La mode s’empare aussi des ta-
bleaux de boudoir de Boucher : bergeries, pastorales, scènes intimes dans l’esprit de Chardin comme le Déjeuner (1739, Louvre) ou le Peintre dans son atelier (Louvre). Ses multiples toiles de Bergère endormie (1743, Louvre), Musette (Louvre), Petite Jardinière (Rome, Musée national) témoignent de l’évolution des goûts depuis les fêtes galantes de Watteau. Enfin, Boucher, rénovateur du paysage français, atteint
la poésie véritable dans le Hameau d’Issé (Amiens, musée de Picardie) et dans le Paysage au moulin et au pont (1751, Louvre).
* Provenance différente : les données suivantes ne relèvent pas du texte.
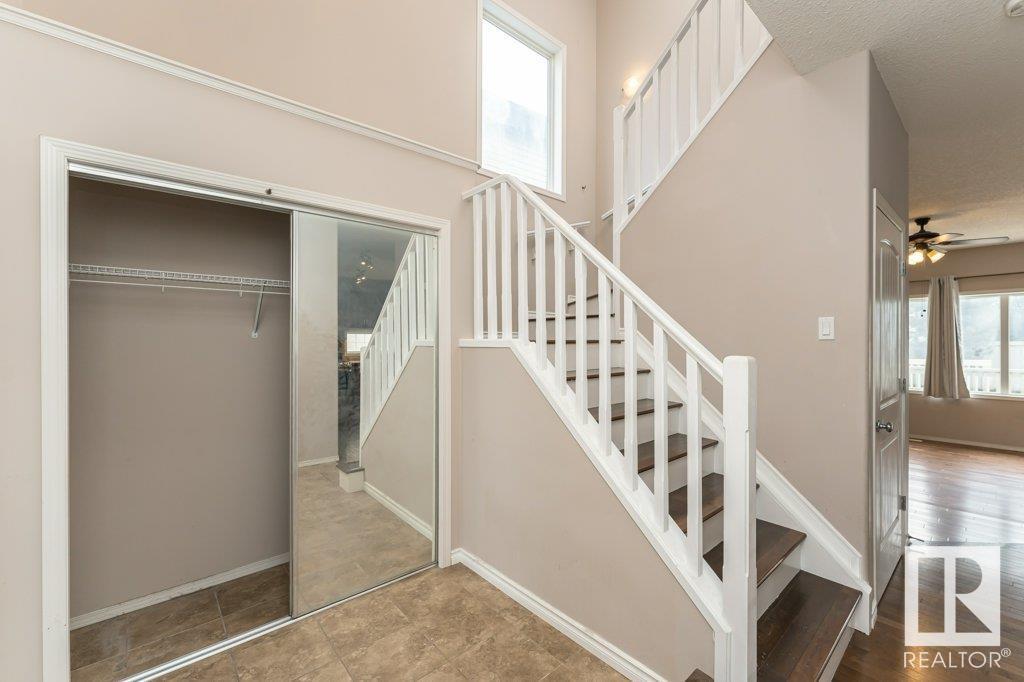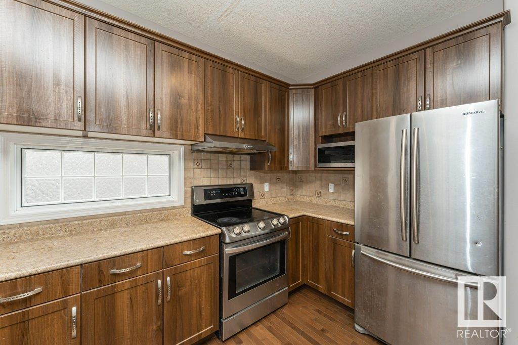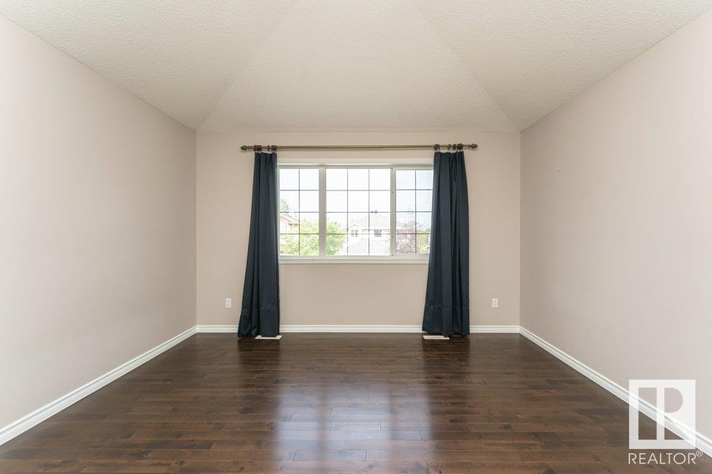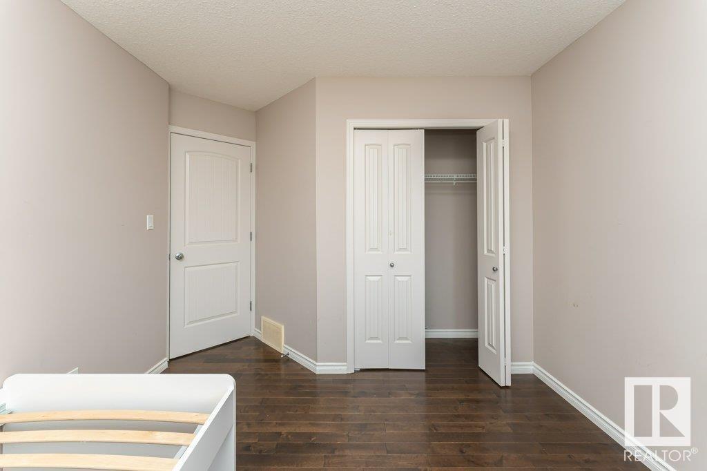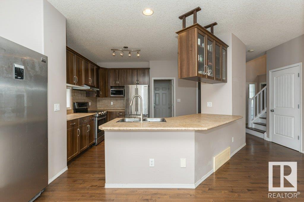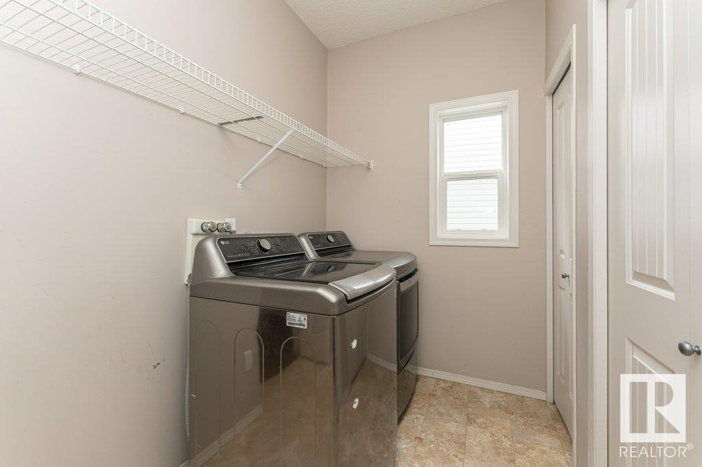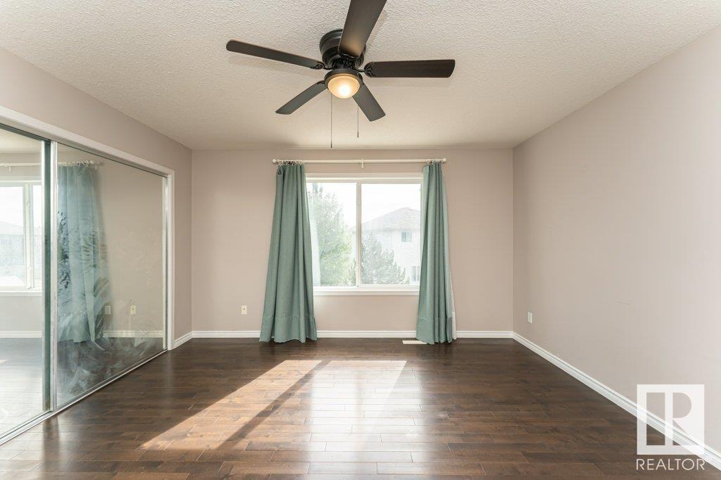 Super location in the highly desirable Leger community. This MacLachlan and Mitchell built home is fully finished and boasts a double front attached garage, 5 bedrooms, 3.5 bathrooms, a large bonus room and walnut hardwood floors throughout the main and upstairs. 17' ceiling front foyer. A sunken living room with a natural gas fireplace. Dark walnut kitchen cabinets with crown moldings. The back yard is fully fenced, very private and features a massive deck off the back of the home with beautiful morning sun and shade in the late afternoon/evening. Recent upgrades include a newer roof, hot water system, dishwasher, washer and dryer. Excellent access to trails and the river valley system, public transportation, shopping, schools and footsteps from the Southwest Edmonton Farmers Market, Terwillegar Community Recreation Centre, Lillian Osborne and Mother Margaret Mary schools. (id:22211)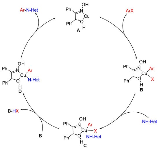The ligand BO has been reported to be used as a metal chelating agent [28], which is a typical N,O-ligand. Thus, it was believed that the Cu-catalyzed couplings could process in a homogeneous manner due to the formation of Cu-benzoinoxime complex. Herein, it was proposed that the possible mechanism for the couplings might run via a prototypical Cu (I)/Cu (III) catalytic cycle. [29] As shown in Figure 2, the catalytic cycle initiated from a Cu complex (A). Then, coordinated copper species (B) were produced via oxidative addition of an ArX and A. Ligand exchange was subsequently occurred between A and N-heterocycles to form intermediate C, which could be converted to D in the presence of base. The N-arylazole was obtained by final reductive elimination of D.
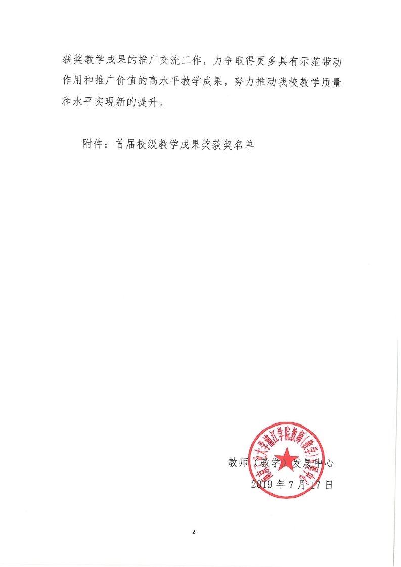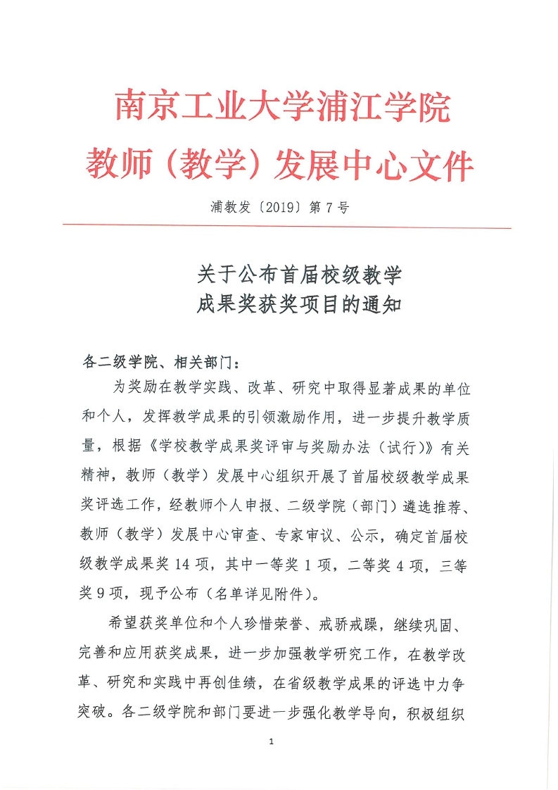 关于公布首届(2019年度)校级教学成果奖获奖项目的通知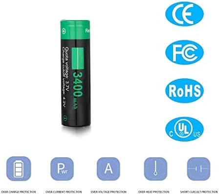 【Durable rechargeable】3400mAh 18650 Rechargeable battery large capacity,Which can be widely used for electronic devices, such as LED flashlights, emergency lights, portable devices, headlights, toys, remote controls, etc.Recharge up to 1050 cycles – longer battery life than alkaline batteries, No need to buy batteries frequently.

Il inspire toutes les formes de dé-
coration du règne de Louis XV. Dès 1734, il collabore avec Oudry*, directeur de la Manufacture royale de tapisserie de Beauvais*, crée plusieurs centaines de cartons, parmi lesquels les célèbres suites de l’Histoire de Psyché et des Amours des dieux, participe à la vogue immense des tapisseries à sujets de turqueries et de chinoiseries.
Parallèlement, il collabore aux décorations des châteaux de Versailles, de Marly, de Choisy, de La Muette, de Fontainebleau ainsi que de l’Opéra de Versailles. Il crée des décors de théâtre pour le Persée de Quinault et Lully (1746-47), pour le ballet d’Atys (1747). La décoration sur porcelaine fait, depuis 1745, appel à lui : il dessine des modèles pour la manufacture de Vincennes, puis, quand celle-ci aura été transférée à Sèvres, en 1756, y crée d’innombrables types de Laitière ou de Jardinière. Il est nommé inspecteur des manufactures nationales de Sèvres et des Gobelins, grave des livres de décorations. Propagateur du goût rocaille, il régente pendant quinze ans tout l’art français.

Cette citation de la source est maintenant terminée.